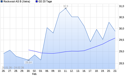 Mit dem Anstieg auf 30,10 EUR hat die Rockwool International-Aktie am 23.02.2026 die 20-Tage-Linie nach oben gekreuzt.Die Rockwool International-Aktie befindet sich seit dem 20.08.2025 ...weiterlesen
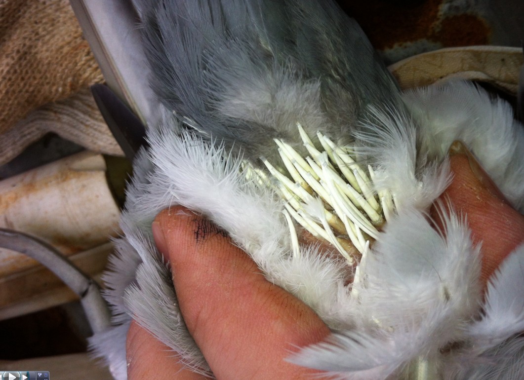 看图片可能是这片羽毛受外力后脱落重新长出的,嫩毛不能出毛囊是因为缺少维生素B,
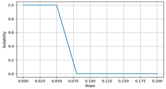 The criterion reflects the suitability of sites with varying terrain slopes for the placement of an e-commerce warehouse. Typically, for the construction of industrial facilities, including warehouses, the most suitable slope is around 5% [79], as it ensures proper drainage of surface water, eliminates marshy and flooded areas, and ensures stable access for freight transport. Based on this, sites with a slope ranging from 0% to 5% are considered fully suitable, while sites with a slope greater than 8% are considered completely unsuitable for warehouse placement. The relationship between site suitability and slope is illustrated in Figure 8.

TASK DESCRIPTION:
Reproduce every line above word for word; no images.

OUTPUT OF THE EXERCISE:
 Mit dem Anstieg auf 30,10 EUR hat die Rockwool International-Aktie am 23.02.2026 die 20-Tage-Linie nach oben gekreuzt.Die Rockwool International-Aktie befindet sich seit dem 20.08.2025 ...weiterlesen
 看图片可能是这片羽毛受外力后脱落重新长出的,嫩毛不能出毛囊是因为缺少维生素B,
 The criterion reflects the suitability of sites with varying terrain slopes for the placement of an e-commerce warehouse. Typically, for the construction of industrial facilities, including warehouses, the most suitable slope is around 5% [79], as it ensures proper drainage of surface water, eliminates marshy and flooded areas, and ensures stable access for freight transport. Based on this, sites with a slope ranging from 0% to 5% are considered fully suitable, while sites with a slope greater than 8% are considered completely unsuitable for warehouse placement. The relationship between site suitability and slope is illustrated in Figure 8.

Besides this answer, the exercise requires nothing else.